In this section, we provide a brief overview of the major functionality of nbodykit, as well as an introduction to some of the technical jargon needed to get up and running quickly. We try to familiarize the user with the various aspects of nbodykit needed to take full advantage of nbodykit’s computing power. This section also serves as a nice outline of the documentation, with links to more detailed descriptions included throughout.
lab
framework¶A core design goal of nbodykit is maintaining an interactive user experience, allowing the user to quickly experiment and play around with data sets and statistics, while still leveraging the power of parallel processing when necessary. Motivated by the power of Jupyter notebooks, we adopt a “lab” framework for nbodykit, where all of the necessary data containers and algorithms can be imported from a single module:
from nbodykit.lab import *
[insert cool science here]
See the documentation for nbodykit.lab
for a full list of the
imported members in this module.
With all of the necessary tools now in hand, the user can easily load a data set, compute statistics of that data via one of the built-in algorithms, and save the results in just a few lines. The end result is a reproducible scientific result, generated from clear and concise code that flows from step to step.
We use the logging
module throughout nbodykit to provide the user
with output as scripts progress. This is especially helpful when problems
are encountered when using nbodykit in parallel.
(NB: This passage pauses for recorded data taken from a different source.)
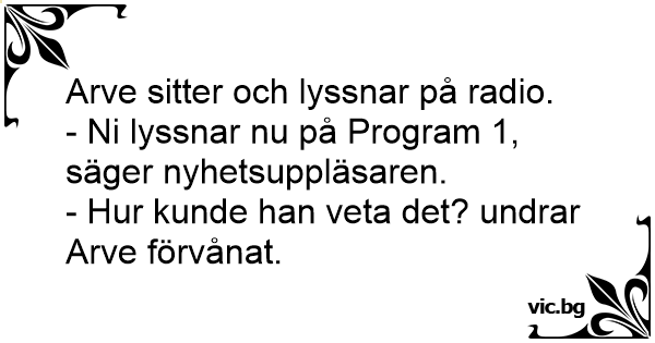 - Ni lyssnar nu på Program 1, säger nyhetsuppläsaren.
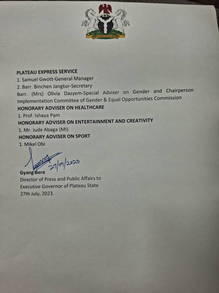 This news comes as part of a series of appointments, as revealed by Mr. Gyang Bere, the governor's Director of Press and Public Affairs, in a statement released on Thursday in Jos.
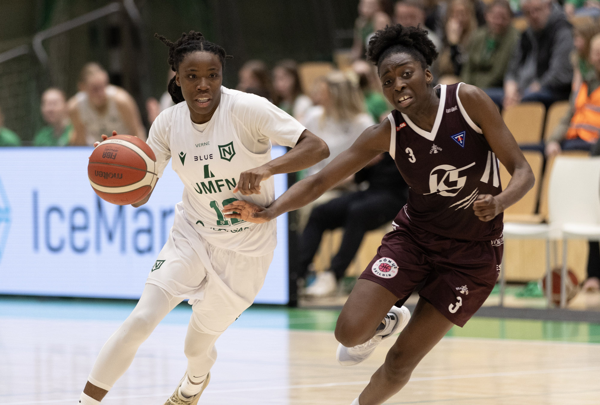 Njarðvíkingar unnu fyrsta sigurinn í úslitakeppni Bónus deildar kvenna í körfubolta þegar liðið vann Tindastól í 8-liða úrslitum í IceMar höllinni í kvöld. Lokatölur 103-97.
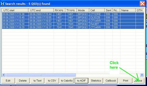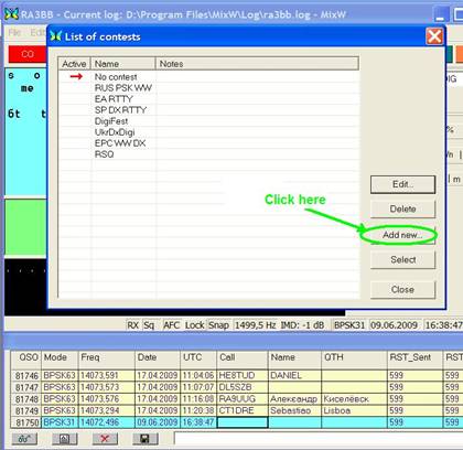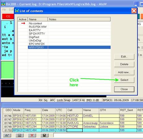 Select CDX TEST PSK31 and press button Select
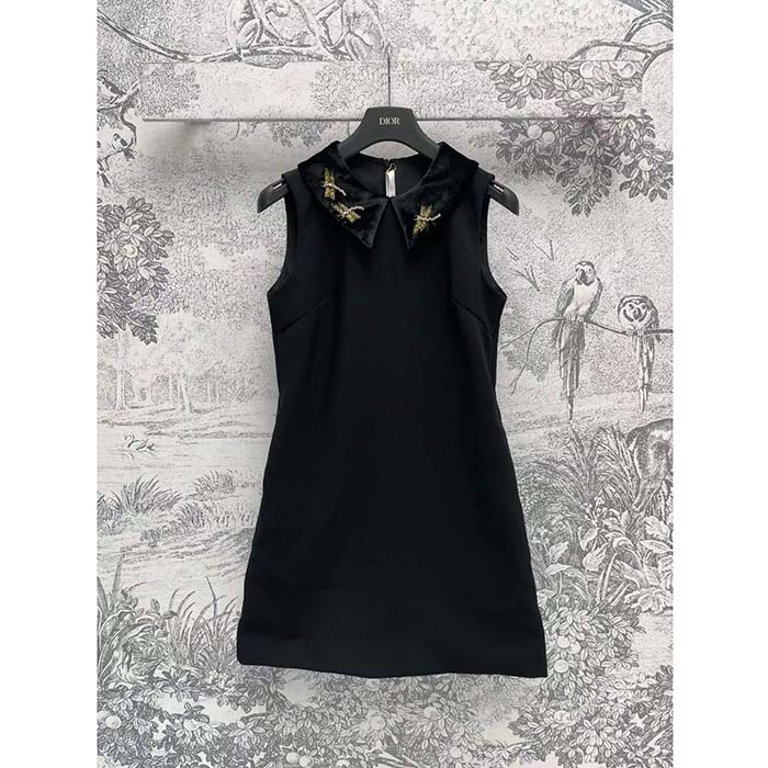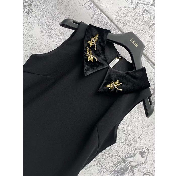Dior CD Affordable Replica Women CD A-Line Embroidered Dress Black Wool Silk Dragonfly Embroidery

Users can turn on logging
via the nbodykit.setup_logging()
function, optionally providing
the “debug” argument to increase the
logging level.
We typically begin our nbodykit scripts using:
from nbodykit.lab import *
from nbodykit import setup_logging
setup_logging() # log output to stdout
The nbodykit package is fully parallelized using the Python
bindings of the Message Passage Interface (MPI) available in
mpi4py
. While we aim to hide most of the complexities of MPI from
the top-level user interface, it is helpful to know some basic aspects of the
MPI framework for understanding how nbodykit works to compute its results. If
you are unfamiliar with MPI, a good place to start is the documentation for
mpi4py. Briefly,
MPI allows nbodykit to use a specified number of CPUs, which work independently
to achieve a common goal and pass messages back and forth to coordinate their
work.
We provide a more in-depth discussion of the key MPI-related features of nbodykit in the Parallel Computation with nbodykit section. This section also includes a guide on how to execute nbodykit scripts in parallel using MPI.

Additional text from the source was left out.